A US pharma firm is planning to move its production base to Indonesia from China.

Indonesia could stand to benefit from the disruptions in global supply chains of pharmaceutical raw materials amidst speculations that some companies are looking to move out of China and seek alternative production bases, according to a note by Fitch Solutions.

A number of emerging markets with developed industrial sectors and low labour costs have emerged as options for firms planning to move out of China. According to Indonesian Health Minister Terawan Agus Putranto, “the outbreak has created an opportunity to boost local production of pharmaceuticals and expand the use of local inputs in the manufacturing process.”

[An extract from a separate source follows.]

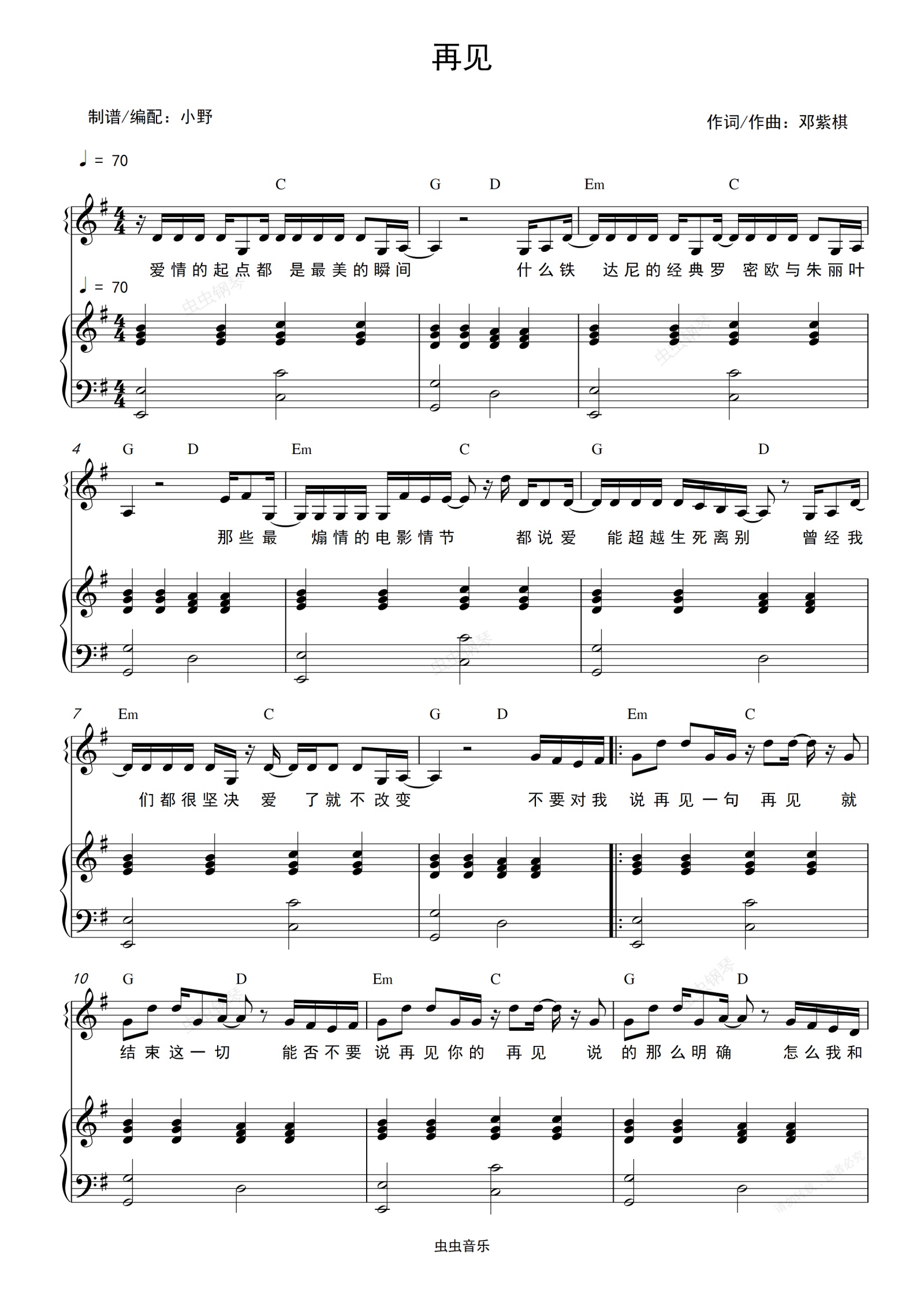钢琴谱:再见(和弦弹唱版)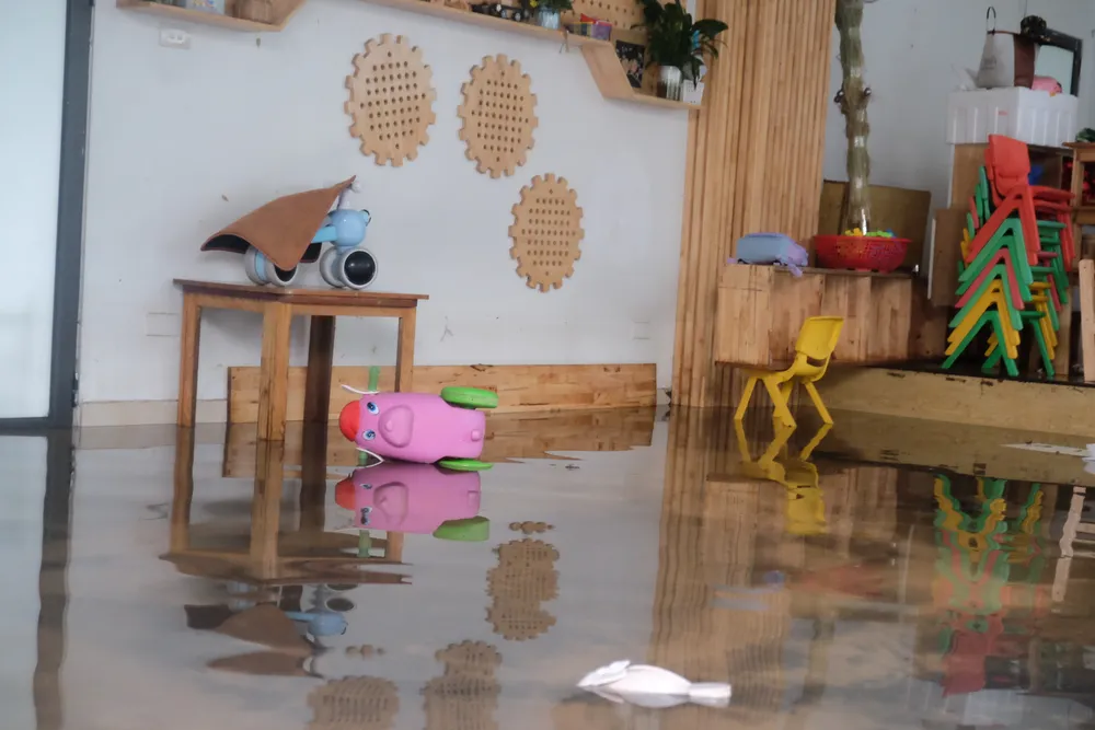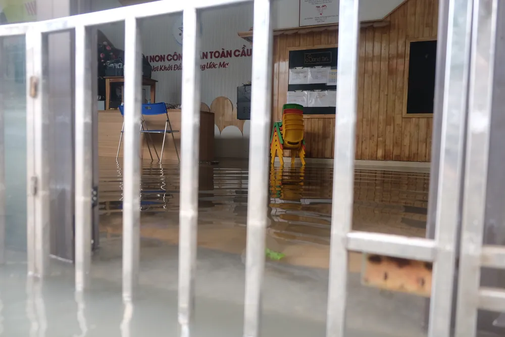 Rút kinh nghiệm từ đợt ngập sau bão số 10, lần này ngôi trường mầm non và nhiều gia đình ở làng Phú Đô đã kê đồ đạc cao hơn. Ảnh: TT

Around 90% of the raw ingredients used by pharma companies in Indonesia are imported, with China supplying about 60%. In light of this, the Indonesia Chamber of Commerce and Industry estimated that the country’s pharma firms were operating around 55-60% capacity in May due to supply chain disruptions.

Further, the Indonesian government is in talks over the possibility of offering a new production base to US-controlled pharma firms that wish to move factories out of China, according to Coordinating Maritime Affairs and Investment Minister Luhut Pandjaitan.

Already, media reports in mid-May revealed that state-owned Kawasan Industri Wijayakusuma industrial park, in Central Java, was preparing to house a US pharma firm planning to relocate from China. The project was reported to be in regional spatial planning stages.

However, the country’s red tape problem could dissuade such investment. Indonesian Pharmaceutical Association chairman, Tirto Koesnandi, stated that an unsupportive regulatory framework and high wages could deter investors from setting up operations in the country.

Moreover, Fitch noted that Indonesia’s regulatory environment will remain highly challenging for drugmakers. The Pharmaceutical Research and Manufacturers of America (PhRMA) and its member companies highlighted in a report some concerns with the country’s discriminatory intellectual property regime and forced localisation requirement.

In addition, Indonesia ranked 73rd on the World Bank's Ease of Doing Business Index in October 2019. This could also discourage investors, as neighbouring Malaysia and Thailand fared better in 12th and 21st position, respectively.